Around 200 people will arrive at his restaurant’s door daily for a hot meal, which Vitaly admits is more than Vega Room has ever had. On the menu? Buckwheat, grains and simple food, he said.
“It’s just regular soups, or we’ll do some cereals like buckwheat, rice, and some meat substitution; we just use tofu, falafel, which are very useful, actually. And people are very satisfied with them,” Vitaly told The Independent. “But on the other hand, there is actually a problem with those products, especially with tofu and with some meat substitution, because it’s difficult to find them right now.”

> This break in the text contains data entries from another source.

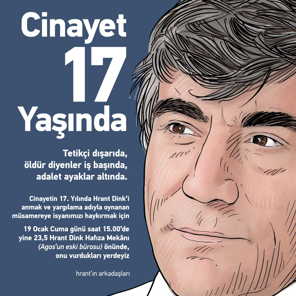 Yan yana, daha çoğalarak daha yüksek sesle isyanımızı dile getirmek ve cinayetin 17. yılında Hrant Dink’i anmak için 19 Ocak Cuma günü saat 15.00’te, 23,5 Hafıza Mekanı (eski Agos bürosu) önünde, onu vurdukları yerdeyiz.”
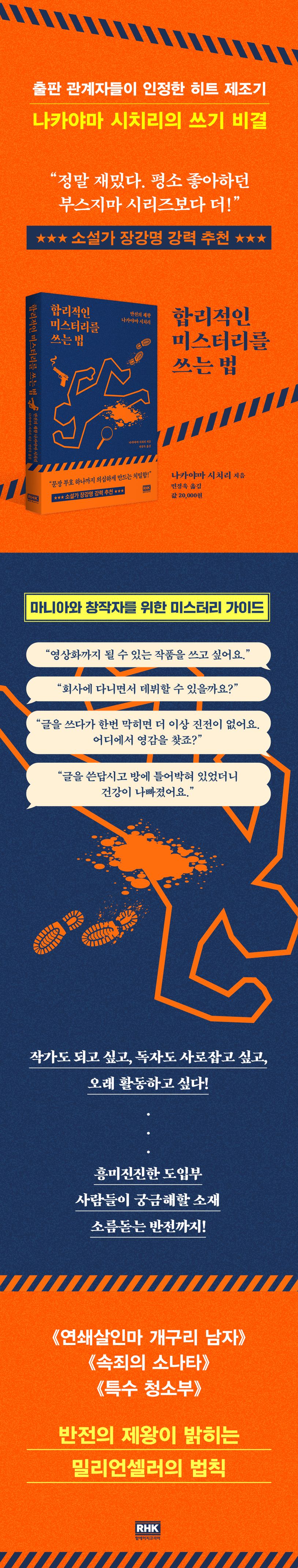독자를 놀라게 하는 반전으로 정평이 난 나카야마 시치리가 평생을 바쳐 애정해온 미스터리에 대한 생각과 작품을 대하는 방식에 대해 밝힌다. 65세를 앞둔 그는 데뷔 16년 차 작가로, 현재 일본 출판계에서 가장 부지런히 작품을 발표하고 있다. 77번째 작품 출간을 앞둔 그는 지금까지 대표적인 문학상 수상을 비롯해 작품의 영상화, 베스트셀러까지 누구나 꿈꾸는 결과물을 이뤄냈다. 사실 그는 ‘이 미스터리가 대단해!’로 데뷔하기 전에는 평범한 회사원이었다. 하루아침에 소설가라는 꿈을 이룬 것이 아니라, 낙선의 고배를 마시며 어떻게 공모전에 뽑힐 수 있을지 주위의 작은 충고도 허투루 듣지 않았고 심사 위원의 피드백에 맞는 작품을 쓰고자 했다. 데뷔 후 몰려든 제안을 가리지 않고 출판사마다 제시한 요청에 성실히 응한 결과 지금의 ‘나카야마 시치리 월드’가 탄생한 것이다. 아홉 가지 옵션 중 하나를 선택하면 되는데 모든 조건을 채워 넣은 작품을 쓴 에피소드부터 매일 적은 수면시간과 영양 섭취에도 체력을 유지하며 마감을 반드시 지키는 작가가 되기까지 생생한 기록이 이 책에 담겨 있다. 지극히 합리적인 비법이 있다고 소개했으나, 정작 내용을 살펴보면 누구보다 진실하게 이 업에 임하고 있음을 알 수 있어 일에 대한 태도를 배울 수 있다는 점에서도 흥미롭다.
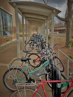I was also struck by how if you look at this bike rack sitting in front of the student union, it looked like it went on forever, into optical infinity!
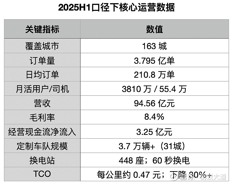 曹操2025H1的现实状态是高增长、毛利率改善,且经营现金流转正/显著增强。特别是在出行这种薄利行业里,曹操已经出现现金流改善这种经营质量变化的信号。完全不考虑Robotaxi业务,目前市场给的折扣也偏重。
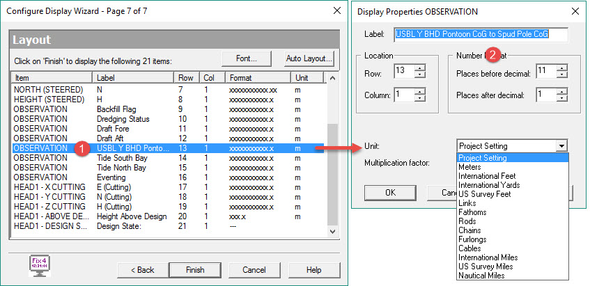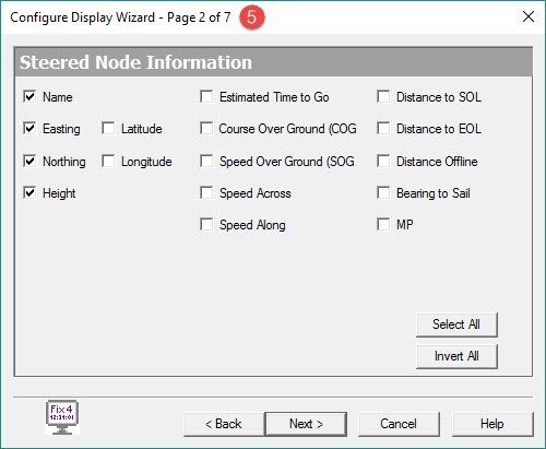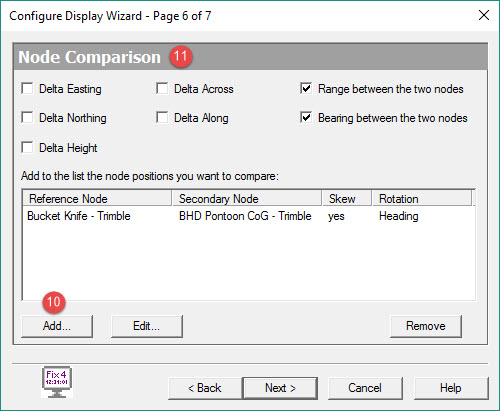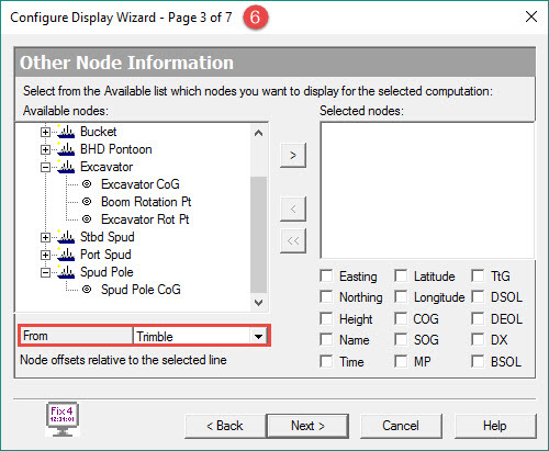 In this example the Bucket CoG is made the Steered Node so Name, Easting, Northing and Height are selected.
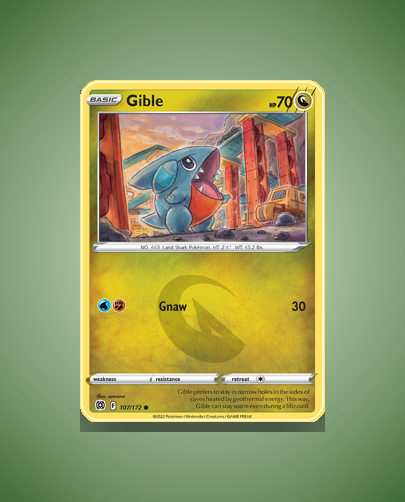 Gible from the Brilliant Stars set is a common card numbered 107 with 70 HP. This spirited Pokémon features the straightforward attack Gnaw. Its simple design makes it a notable addition for collectors seeking versatile cards.
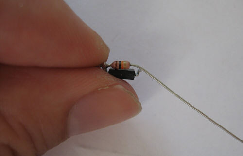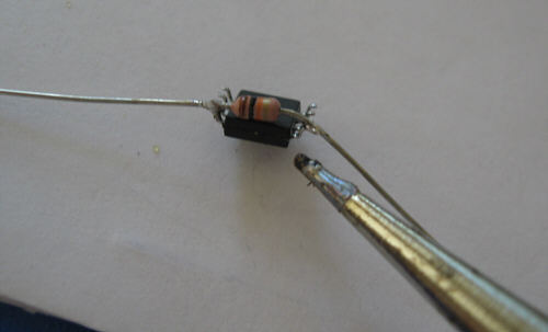 Step 2 - The chip is flipped upside down and the 10k resistor is placed across the surface. Then it is soldered to one pin. The marking for pin 1 is below the lower left corner of the chip (faces to the working surface)
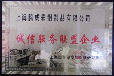 腾威彩钢被评为授予“诚信服务联盟企业”称号
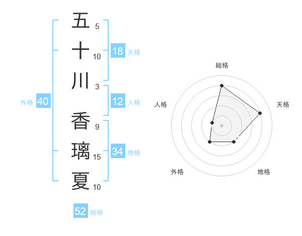 五十川 香璃夏さんを姓名の画数から五運を鑑定

Vitaly said his Ukrainian supplier in Kharkiv has been effectively shuttered by the war. “Nothing works now, so yeah, we cannot get all the needed products from Ukraine. And now I am asking my friends to send me some products.”
A month ago, Vega Room would see about 30 or 40 customers come and go in a single day, with people enjoying plant-based pierogi, cabbage rolls and even a vegan stroganoff.
“It’s not really big,” Vitaly said from his home in Lviv, where he has taken in two families from Ukraine’s east. “It has six tables, so at the same time there could be 20 people maximum. Now it’s something like 200 a day, so for us, it’s a huge amount of people.”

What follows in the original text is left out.